Photon-counting detector CT-based virtual monoenergetic reconstructions: repeatability and reproducibility of radiomics features of an organic phantom and human myocardium

BACKGROUND

Photon-counting detector computed tomography (PCD-CT) may influence imaging characteristics for various clinical conditions due to higher signal and contrast-to-noise ratio in virtual monoenergetic images (VMI). Radiomics analysis relies on quantification of image characteristics. We evaluated the impact of different VMI reconstructions on radiomic features in in vitro and in vivo PCD-CT datasets.

METHODS

An organic phantom consisting of twelve samples (four oranges, four onions, and four apples) was scanned five times. Twenty-three patients who had undergone coronary computed tomography angiography on a first generation PCD-CT system with the same image acquisitions were analyzed. VMIs were reconstructed at 6 keV levels (40, 55, 70, 90, 120, and 190 keV). The phantoms and the patients' left ventricular myocardium (LVM) were segmented for all reconstructions. Ninety-three original radiomic features were extracted.

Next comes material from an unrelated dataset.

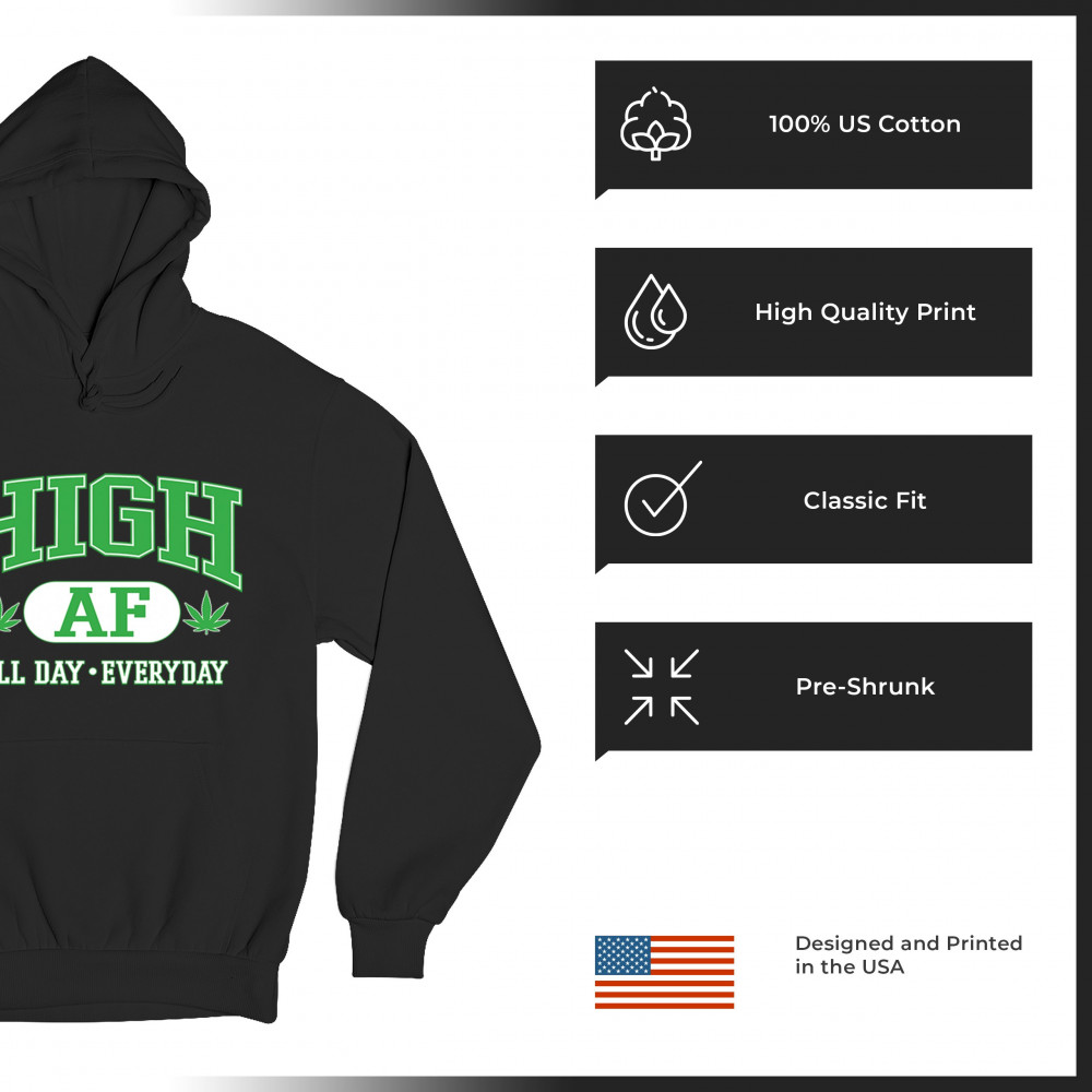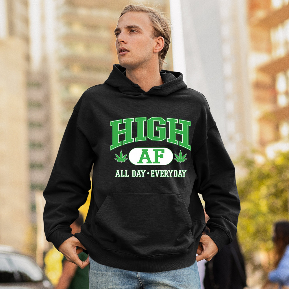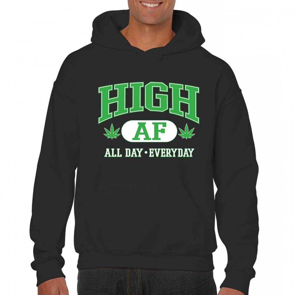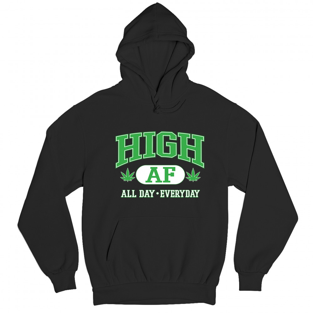 HIGH AF ALL DAY EVERYDAY sweatshirt cannabis leaf stoner 420 thc kush hoodie black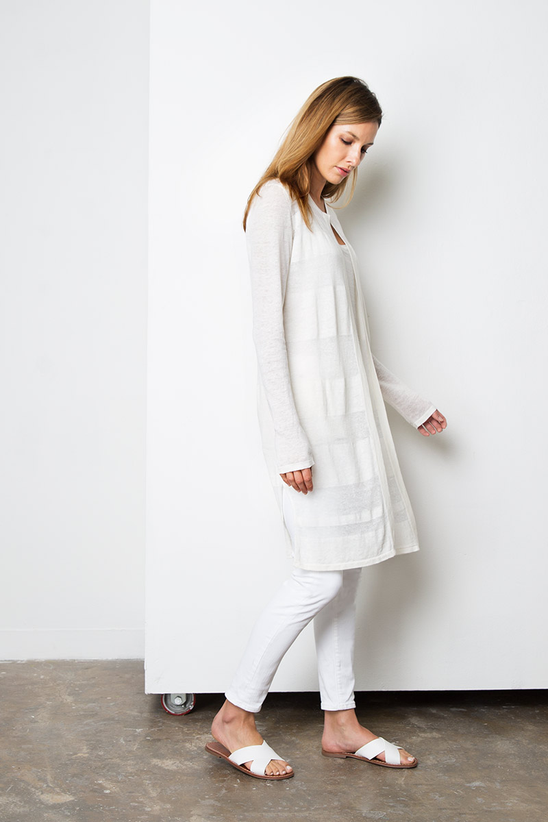 Solid Shadow Stripe Duster Posted on August 19, 2016August 19, 2016 by Andy Bartmess KINROSS · Women's 100% Linen Spring 2017 · Solid Shadow Stripe Duster KL17-49S – 100% Linen – 12gg SKU: KL17-49S Category: Women's 100% Linen Spring 2017 Available Colors: Chalk Pebble Sand Related products Solid Tee Read more Ikat Tee Read more Ikat Drape Cardigan Read more Stripe Border Poncho Read more Previous: Scoop Neck Tank – Pebble Next: Solid Shadow Stripe Pullover

Repeatability and reproducibility were evaluated through intraclass correlations coefficient (ICC) and post hoc paired samples ANOVA t test.

RESULTS

There was excellent repeatability for radiomic features in phantom scans (all ICC = 1.00). Among all VMIs, 36/93 radiomic features (38.7%) in apples, 28/93 (30.1%) in oranges, and 33/93 (35.5%) in onions were not significantly different. For LVM, the percentage of stable features was high between VMIs ≥ 90 keV (90 versus 120 keV, 77.4%; 90 versus 190 keV, 83.9%; 120 versus 190 keV, 89.3%), while comparison to lower VMI levels led to fewer reproducible features (40 versus 55 keV, 8.6%).

CONCLUSIONS

VMI levels influence the stability of radiomic features in an organic phantom and patients' LVM; stability decreases considerably below 90 keV.

RELEVANCE STATEMENT

Spectral reconstructions significantly influence radiomic features in vitro and in vivo, necessitating standardization and careful attention to these reconstruction parameters before clinical implementation.

KEY POINTS

• Radiomic features have an excellent repeatability within the same PCD-CT acquisition and reconstruction. • Differences in VMI lead to decreased reproducibility for radiomic features. • VMI ≥ 90 keV increased the reproducibility of the radiomic features.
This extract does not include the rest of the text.